Sobell House Hospice Charity has operated since 1974 when Dr. Alstair Laing established the committee the Friends of Sir Michael Sobell House. The committee swiftly developed to become the Friends of Sobell House with Sir Michael Sobell as patron and the Duchess of Marlborough as president. By 1975 the membership of the Friends of Sobell House totalled 60 and Lord Trend (Rector of Lincoln College and formerly Secretary of the Cabinet) was Chairman. Later in 1975 the Charity Commission accorded the Friends of Sobell House charity status.

Thanks to generous donations from Sir Michael Sobell, the NSCR (currently Macmillan Cancer Support) and the people of Oxfordshire, the Friends of Sobell House had raised £300,000.00 by 1979 allowing the first hospice to be built and handed over to the public. The current hospice is very different from the building handed over in 1979, the light airy space was built following a £3,000,000.00 fundraising drive by the Charity. Funds were raised with donations from the people and business of Oxfordshire, and The Sobell Foundation.

The Charity current operates as Sobell House Hospice Charity Ltd and although it has been through many constitutional changes its aims remain the same as the original friends:

1. To ensure that links to the community are established and nurtured to support patients and encourage volunteering.
2. To raise funds to benefit Sobell House.
3. To engage with other bodies for the benefit of Sobell House.

Today the Charity and NHS work together to ensure that good quality specialist palliative care and end of life support is provided by the Hospice. Sobell House Hospice is an NHS hospice, with additional funds provided by the Charity. The funds provided by the Charity are used for the day-to-day running of the hospice, to help the hospice staff focus on developing care, and to allow the hospice to reach out and provide care in the community and other hospitals.

The Charity is based in an office within the current hospice building, the day-to-day running of the Charity is responsibility of Amelia Foster the Chief Executive.
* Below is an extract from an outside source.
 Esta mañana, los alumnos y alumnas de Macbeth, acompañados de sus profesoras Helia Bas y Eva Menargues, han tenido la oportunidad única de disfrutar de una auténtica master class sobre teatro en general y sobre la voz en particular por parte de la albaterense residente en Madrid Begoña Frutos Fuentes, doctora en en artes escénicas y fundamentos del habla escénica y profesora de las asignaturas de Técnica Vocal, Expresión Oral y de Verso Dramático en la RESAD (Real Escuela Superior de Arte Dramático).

The Charity's trustees take overall responsibility for the Charity and may be seen at fundraising events.

===Current Fundraising===

The Charity's fundraising team are based in the Charity's head office and engage with corporate sponsors and individuals, as well as running numerous events. Individuals raise funds for the hospice by taking part in a range of activities from coffee mornings to marathon running to sky diving. The Charity and the hospice also engage a large volunteer work force from the local community who donate their time to reduce the overheads of running the Charity. The Charity also manages and gains funds from numerous legacies.

As well as raising funds from individuals the Charity has strong relationships with local businesses. Companies are encouraged to engage with the Charity in a variety of ways ranging from donations through to donations of time. To help the Charity celebrate its fortieth birthday the 40 Club was formed which is a group of 40 companies each pledging to raise £10,000.00 over the next four years to support the work of the hospice.
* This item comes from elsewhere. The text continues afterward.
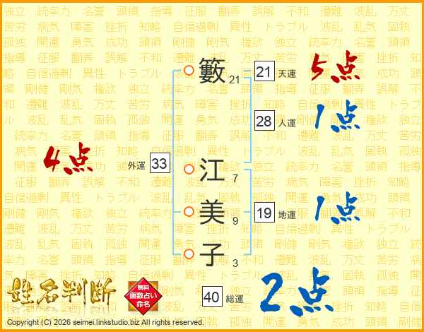 籔江美子さんの総運は40画の2点!

The main activities of the fundraising team is organising and hosting events. The Charity's annual headline event is the Moonlight Stroll where walkers are sponsored to complete a late night walk around the beautiful Oxford city centre. The stroll start in 2006 and goes from strength to strength each year the target of the 2015 was to raise £100,000.00 in just one evening. The Charity holds numerous other events throughout the year culminating with, the Christmas Gift Fair and the Lights of Love.
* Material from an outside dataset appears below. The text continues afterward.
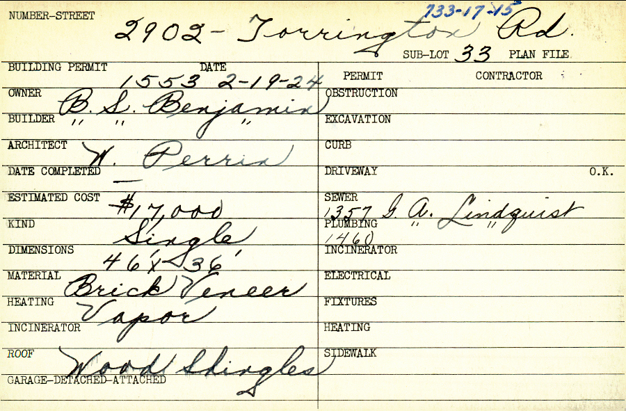 2902 Torrington Road Shaker Heights, OH 44122 PARCEL ID: 733-17-015 Building Permit Date: 02-19-1924 Plan File Number: 5981 Microfilm Roll: Roll#80 Neighborhood: Malvern Owner: Benjamin, B. S. Builder: Benjamin, B. S. Architect: Perrin, William N. Estimated Cost: 17000 Kind: Single, Single Residence or Dwelling Material: Brick Veneer Heating: Vapor Roof: Wood Shingle |

===Sobell House Charity Shops===

The main public face of the Charity is its eleven shops located across Oxfordshire. The shops sell a variety of donated items from large pieces of furniture through to small ornaments and clothing. The trading company also sells a mix of new goods including branded calendars, Christmas cards and diaries. The shops are run from the Trading Office a separate administrative unit from the Charity office. All the profits from the sale of donated and new goods are donated to the Charity each year. Currently the Charity's shops raise approximately the same amount as the fundraising team.